Why do patients need to be concerned about something called the national tariff?
17 November 2015
Many people who work in and around the NHS will know about something called the national tariff. For those not in the know, this is the payment system which determines how hospital, ambulance, mental health and community services are paid, and it covers £72 billion of NHS healthcare spend, over 60% of the Department of Health’s budget. So it is a very big deal, and one that has a direct impact on frontline care but it is often difficult to translate that in to what it means for patients.
When the tariff is published once a year, the hundreds of pages put off even the finance teams in providers and commissioners responsible for implementing the policy, so it is hardly surprising that patients have little interest or concern in it. In part this level of detail is necessary but the complexity surrounding the policy reinforces the perception that the tariff is best left to experts, undermining the necessary accountability and engagement that would accompany other policy instruments of this kind.
The national tariff is a very big deal, and one that has a direct impact on frontline care - but it is often difficult to translate that in to what it means for patients.
To put it simply, the national tariff is the largest single policy instrument in the NHS affecting NHS finances, and we only need to remind ourselves how the NHS provider sector is currently performing (already £930m in deficit at the end of quarter 1), to know that tariff is not working properly. For the past five years, NHS trusts have had to cope with reductions in the prices they receive for the work they do, as the national tariff has been one of the levers pulled to help the NHS live within its means.
It is a difficult balance to strike – providers can and need to become more efficient, and therefore the urge to set an ambitious efficiency requirement through the tariff is understandably high. But as a signal to be used in the long term, it is not appropriate or effective, and we now need a different approach as we have consistently argued for. Providers have not been able to take costs out of their services at the same pace and scale as prices have been reduced, and this is now starting to bite.
It is also not enough for providers to simply cover their costs. If providers are unable to generate a surplus from their work, they are unable to transform services, invest in new innovative technology and equipment or simply ensure that their facilities continue to be fit for purpose. I recently learned of a hospital which was put under pressure to postpone investment to replace 50-year-old operating theatres in order to improve its financial position in 2015/16. None of these considerations are in the best interests of patients, but are inevitable discussions providers will need to have if their services are not funded appropriately.
For all these reasons, the national tariff currently includes a vital safety value – an objection mechanism.

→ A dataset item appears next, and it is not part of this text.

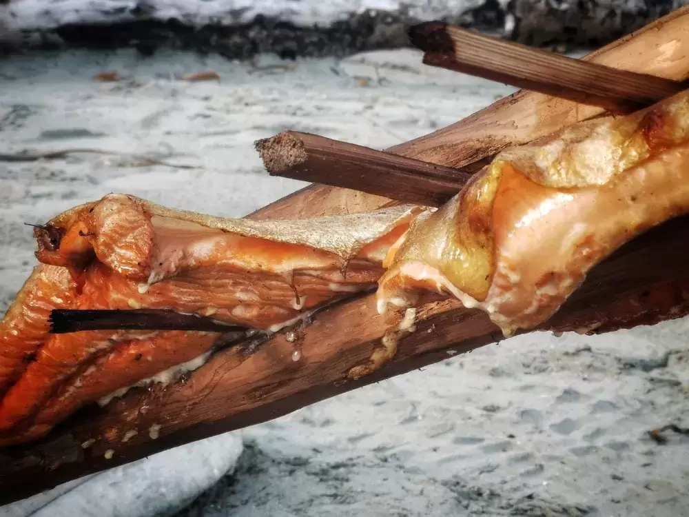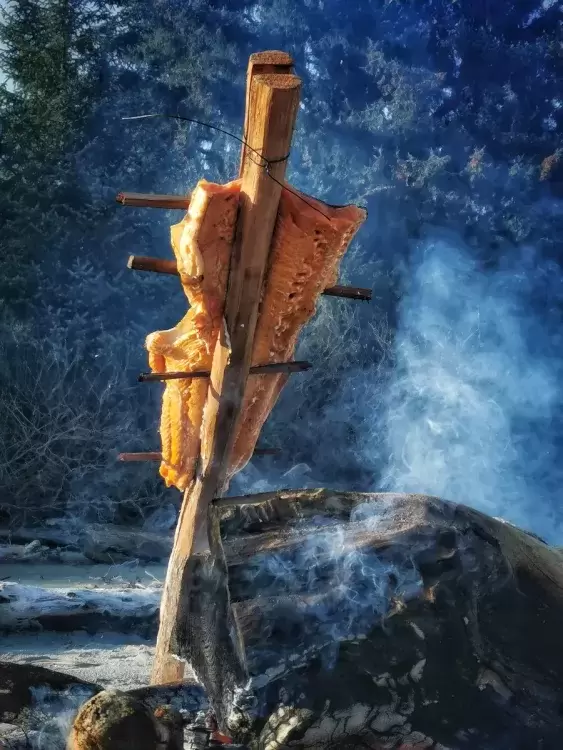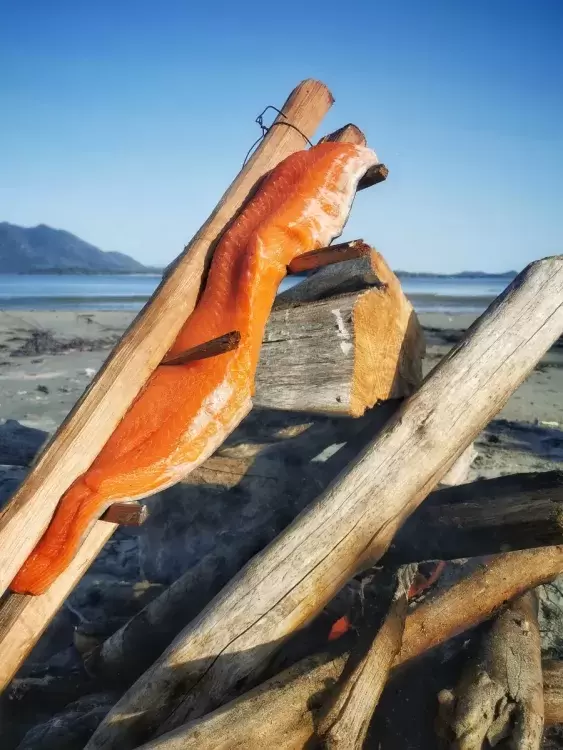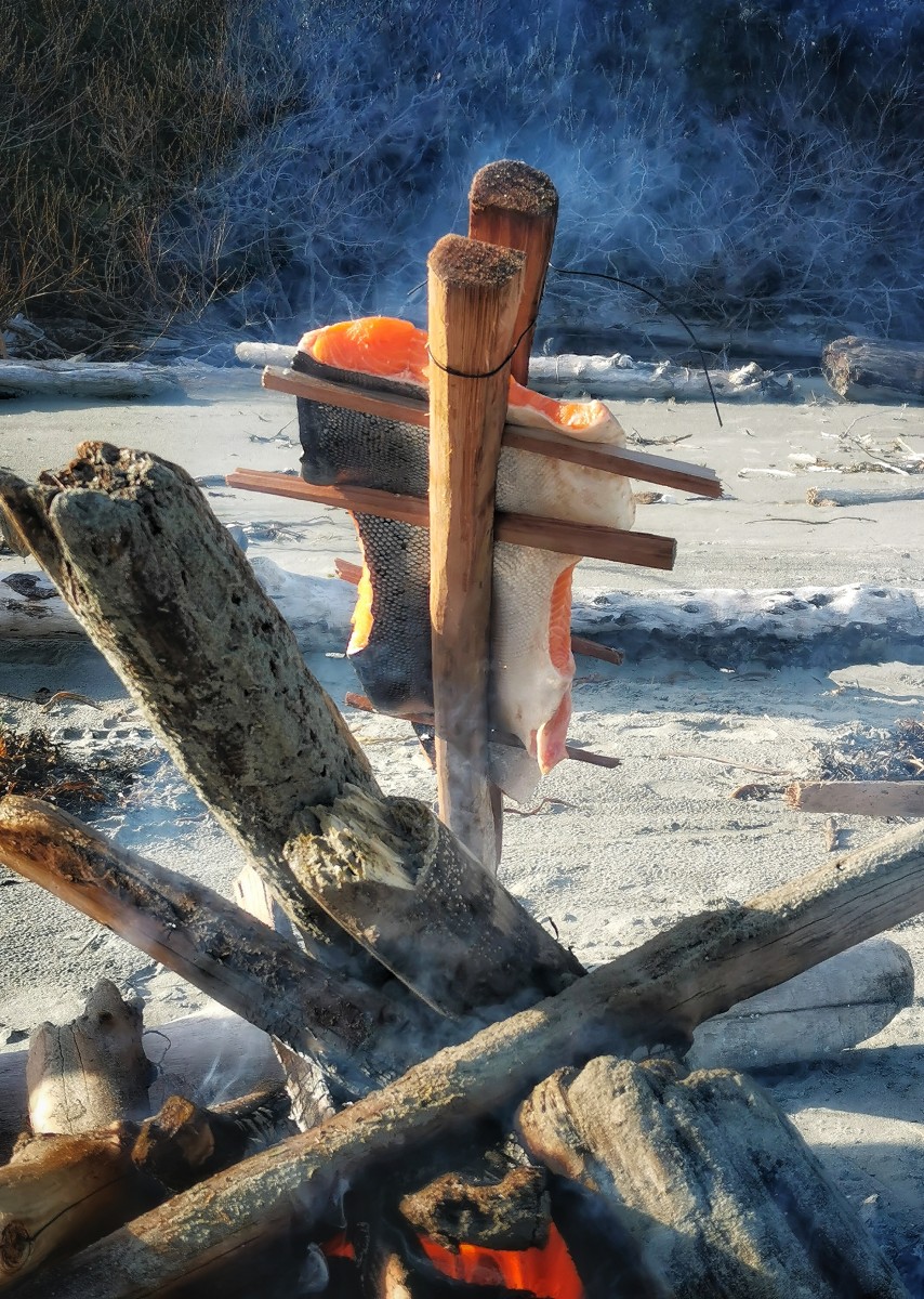 Just the other week, John and Callewaert shared in a similar tradition. With a view of Opitsaht floating in the distance, the couple cooked a salmon kluup-chus. It’s a traditional style of cooking salmon, where the fish is butterflied open and secured between cedar sticks before being placed in the smoke over the fire.

At the moment, if the majority of providers (or commissioners) object to the tariff proposals, NHS England and Monitor are required to revise and reconsult or to refer to the Competition and Markets Authority. Last year, it was triggered for the first time by 137 providers (providing 75% of NHS work). This was a signal from the NHS frontline that they could not guarantee sustainable standards and safe care without substantial changes to the way they were paid.
Unfortunately, this vital safety valve is now being revised. The government has put forward regulations to change the conditions under which the mechanism is triggered. The proposals will mean that even if every NHS trust were to object to the proposals in the future, it would not be enough to trigger a formal revision of the proposals. This is because NHS organisations only account for 62% of all provider organisations in England (and the minimum threshold will be set at 66%). But collectively these NHS organisations account for over 95% of all NHS services covered by the tariff, making this change seem unjustified. It will mean disenfranchising the NHS in having a voice in the very rules affecting their ability to provide care to millions of patients.
Understandably the vast majority of the sector are not in favour of these changes – 65% of respondents to a consultation in the autumn were against removing the ‘share of supply’, undermining a valuable principle for the organisations greatest affected by the proposals should have the most significant say. Furthermore, 82% were in favour of maintaining the objection threshold at half of all providers and commissioners.
We urge the Department of Health and national bodies to provide greater assurances about how the sector will be meaningfully involved in negotiation, consultation and engagement on the national tariff in the future
The Department of Health, together with NHS England and Monitor, are concerned about how the mechanism was used last year. Yes, it led to delays, caused some uncertainty in the system but it ultimately led to proposals being revised, with an additional £500 million being transferred from the commissioner to the provider sector. We would be facing an even more untenable financial position if the original proposals had been implemented.
All this sounds very adversarial and in some ways missing the fundamental point. Ideally a formal objection should never be necessary if we consult and engage in effective and meaningful ways with providers, commissioners and patients in the first place. But when NHS funding is squeezed, setting the tariff becomes an art rather than a science and we have to ensure that the very difficult decisions Monitor and NHS England make are open to scrutiny and challenge. In this way the tariff setting process becomes as important for patients as it is for providers, and we all need to be aware of the implications it has on frontline services if we get it wrong.
As the regulations are discussed and debated in parliament, we urge the Department of Health and national bodies to provide greater assurances about how the sector will be meaningfully involved in negotiation, consultation and engagement on the national tariff in the future. This, rather than changing the objection mechanism, would have done so much to build bridges with the provider sector that are so desperately needed.